Figure 5: Upper Bound
Buffering capabilities are intentionally assigned to object
nodes in activities, rather than to parameters of behaviors.
The parameters
of a behavior or operation, also known as the signature, only declare
the kinds of things needed for input and output, and how many of each.
Buffering capabilities are assigned either to pins on actions that
invoke behaviors, or to the implementations of a behavior, such as
parameter nodes in activities. The UML 2 metamodel separates pins and
activity parameter nodes from parameters of behavior. See example repository
model in Figure 8 of the first article of the series [2].
Some applications
have the advantage of executing the same behavior concurrently
to reduce backup restrictions.

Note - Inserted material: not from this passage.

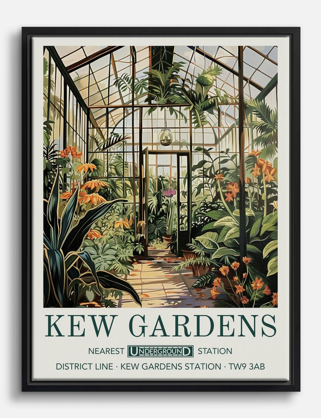 Step into a lush paradise with this vibrant depiction of Kew Gardens. Let the rich greens and warm oranges transport you to a serene greenhouse haven. Perfect for your living room or office, this piece effortlessly complements both modern and vintage decor styles. Feel the joy of nature’s embrace and elevate your space with this unique artwork that promises to inspire and rejuvenate every day.

For example, a factory
executing the process in Figure 5 might have more than one station
to use for the PAINT step. This means that more than one part arriving
at the input pin of Paint can start
an invocation of Paint at the same
time, or at staggered times. Likewise, the concurrent executions of
Paint can put more than one part on
the output pin at the same time, or at staggered times, and not necessarily
in the same order in which
they were taken from the input pin. UML 2 calls this a reentrant behavior6, 7, 8
. It is indicated with the keyword «reentrant» on the
action, or with a property list {reentrant}.
Software applications can
especially make use of reentrancy, for example, when processing packets
from a telephone switch to provide information
for a billing system. Multiple threads can be set up for each step
in the processing so packets taking a short time to handle
do not need to wait for those taking longer. Upper bounds can
be set very high to temporarily buffer packets or intermediate results
if the billing system goes down.
Object nodes holding multiple values
can specify the order in which values move downstream. The
default is first-in, first-out (FIFO,
a pipe), but users can change this to last-in, first-out (LIFO,
a queue),
or specify their own behavior to select which value is passed out
first. For example, Figure 6 shows orders being filled using a
priority ranking.
The user-specified selection behavior is passed all the values
in the object node and returns one to move downstream9, 10, 11.
Selection
behaviors
can also be used on object flow edges coming out of object nodes.
This is useful in situations where the selection criteria varies
with
the path
taken out of the object node, see sections 4 and 5.

Figure 6: Selection
Behavior A partial repository model for Figure 6 is shown in Figure
7. The selection behavior accepts multiple orders from the
object node and
returns one that should be offered next to an outgoing edge. Parameter
multiplicities are described next and shown in Figure 7 as the lowerValue
and upperValue of
parameters.

Figure 7: Repository for Figure 6
Behavior and operation parameters can have multiplicities that specify
the minimum and maximum number of values each parameter accepts or
provides at each invocation of the behavior. Minimum multiplicity on
an input parameter means a behavior or operation cannot be invoked
by an action until the number of values available at each of its input
pins reaches the minimum for the corresponding parameter, which might
be zero (see the second article on actions that invoke behaviors [3])12.
For example, Figure 8 shows an action invoking a behavior for playing
baseball, which might be delayed waiting for all nine the players to
arrive. The pin label reflects the information in the PLAYER parameter
of the Play Ball! behavior, including
its type and multiplicity. On the other hand, if play is delayed waiting
for
the equipment, and meanwhile
more than nine people collect at the input pin, then only the maximum
number, nine, are taken to start the action13, 14, 15, 16.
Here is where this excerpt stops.